==== Information provided

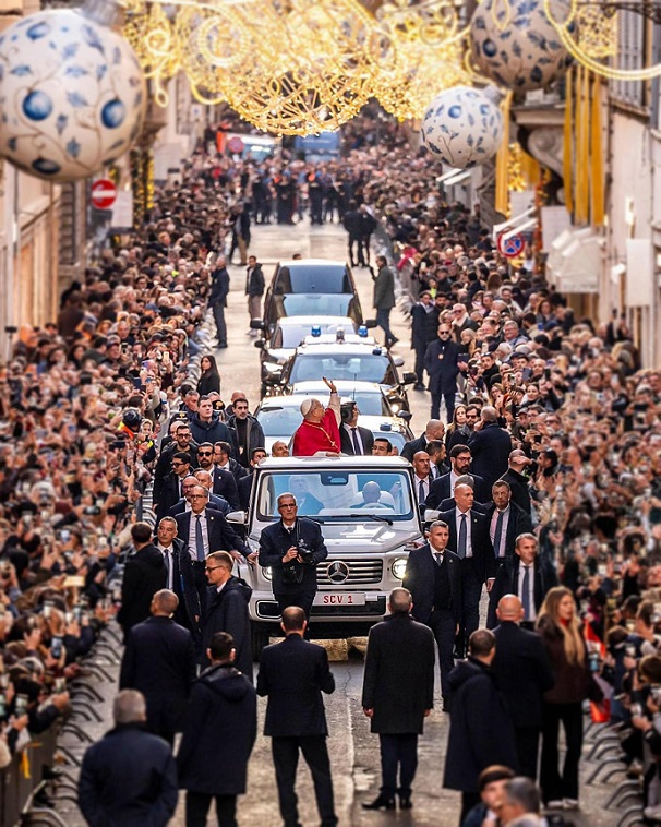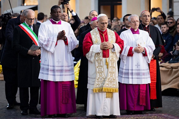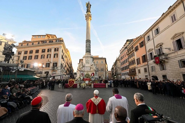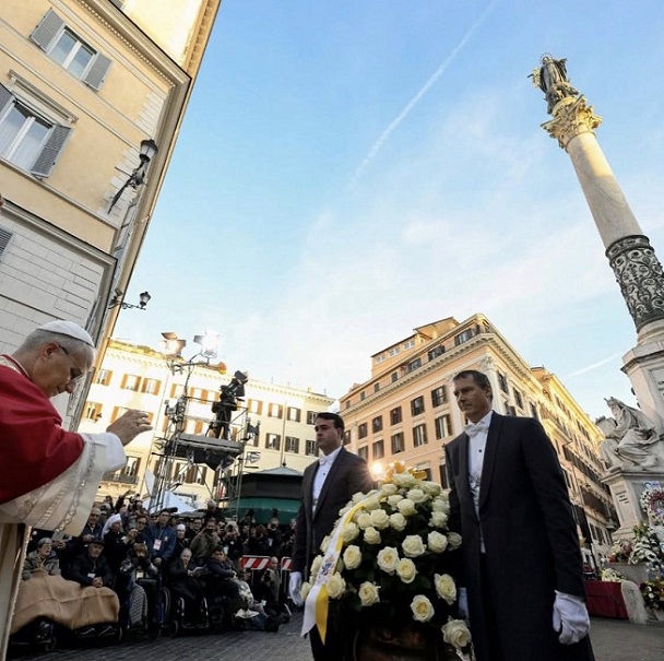 December 8-án, a Boldogságos Szűz Mária szeplőtlen fogantatásának főünnepén délután 4 h-kor Leó pápa elhagyta a Vatikánt, és a római Spanyol lépcső közeli Piazza Mignanellin található Szűzanya szoborhoz látogatott. A téren Baldo Reina bíboros vikárius és Roberto Gualtieri polgármester fogadta. Imádkoztak a 12 méter magas oszlop lábánál, amelynek tetején a Madonna szobra áll, karján a tűzoltóság által reggel 7 h-kor felvitt fehér virágkoszorúval. A tér csendje, a csendes szürke ég, a vallásosságot és a kollektív identitást egyesítő gesztus érzelme teszi ezt a pillanatot egyedülálló és mélyen megindító eseménnyé.
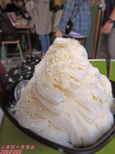 ↑杏仁豆腐冰,85元。看起來很綿密的杏仁雪花冰高高堆起,份量也還蠻多的。當天店裡的客人點這道的大多是兩人共食,我可是一個人就剷平了這座雪花冰山。在這雪花冰山裡隱藏著一塊杏仁豆腐和自選的兩種配料(紅豆和花生),但怕翻找出它們來時,山會崩塌,只能邊吃邊找它們的存在。
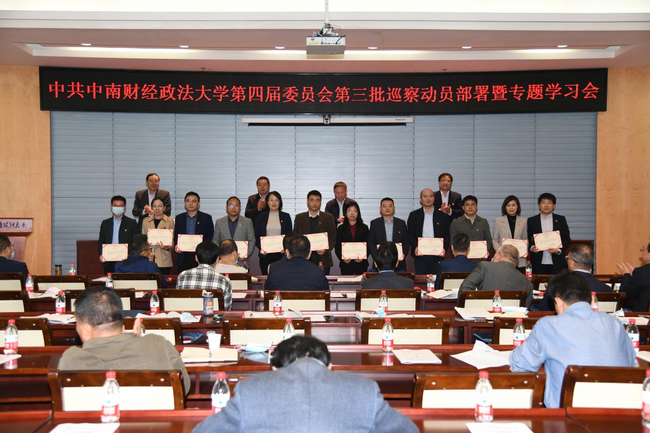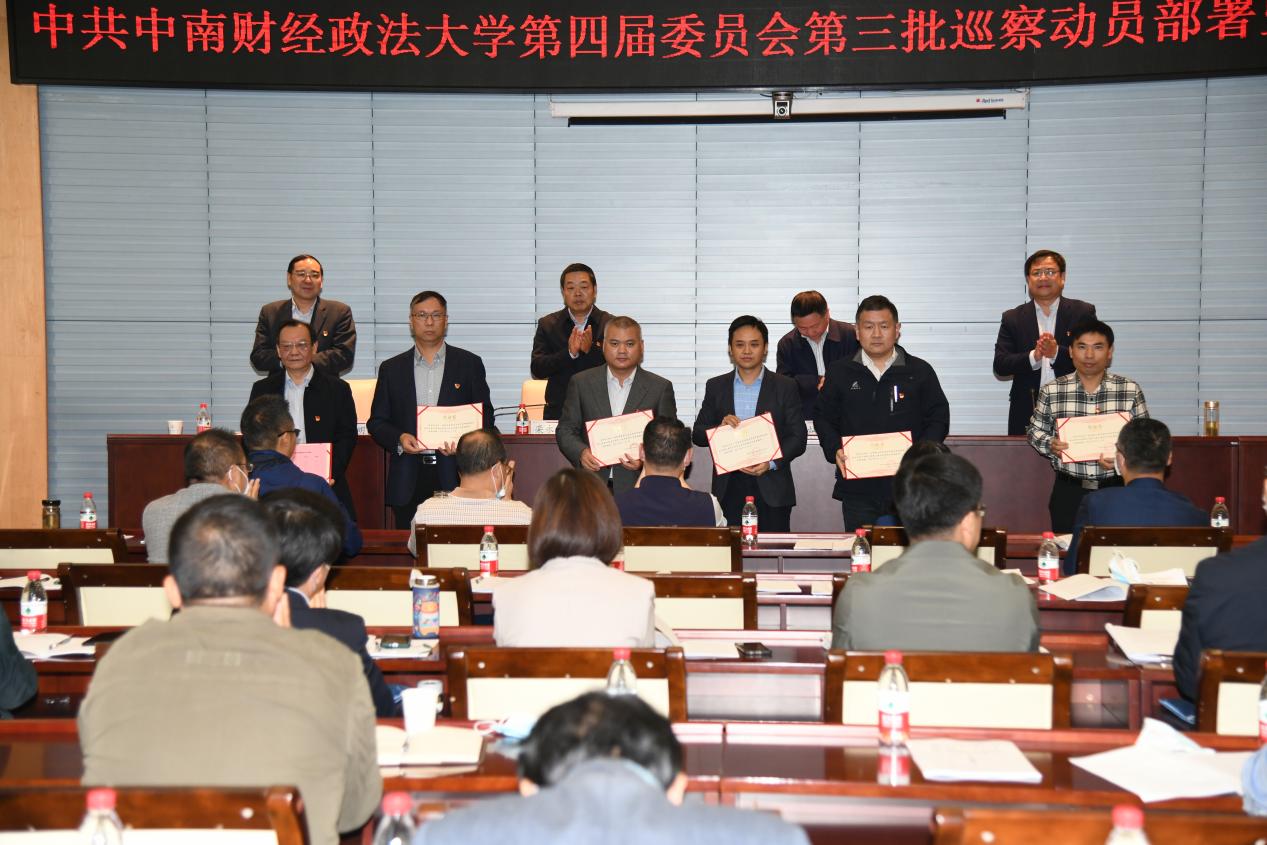 校党委副书记陈明宣读了学校党委关于巡察组组长授权任职及任务分工的决定。出席会议的校领导为党委巡察组组长、副组长颁授任命书。

========

Action item –
Every line of the listing is to be retyped exactly; pictures stay out.

Task answer –
 December 8-án, a Boldogságos Szűz Mária szeplőtlen fogantatásának főünnepén délután 4 h-kor Leó pápa elhagyta a Vatikánt, és a római Spanyol lépcső közeli Piazza Mignanellin található Szűzanya szoborhoz látogatott. A téren Baldo Reina bíboros vikárius és Roberto Gualtieri polgármester fogadta. Imádkoztak a 12 méter magas oszlop lábánál, amelynek tetején a Madonna szobra áll, karján a tűzoltóság által reggel 7 h-kor felvitt fehér virágkoszorúval. A tér csendje, a csendes szürke ég, a vallásosságot és a kollektív identitást egyesítő gesztus érzelme teszi ezt a pillanatot egyedülálló és mélyen megindító eseménnyé.
 ↑杏仁豆腐冰,85元。看起來很綿密的杏仁雪花冰高高堆起,份量也還蠻多的。當天店裡的客人點這道的大多是兩人共食,我可是一個人就剷平了這座雪花冰山。在這雪花冰山裡隱藏著一塊杏仁豆腐和自選的兩種配料(紅豆和花生),但怕翻找出它們來時,山會崩塌,只能邊吃邊找它們的存在。
 校党委副书记陈明宣读了学校党委关于巡察组组长授权任职及任务分工的决定。出席会议的校领导为党委巡察组组长、副组长颁授任命书。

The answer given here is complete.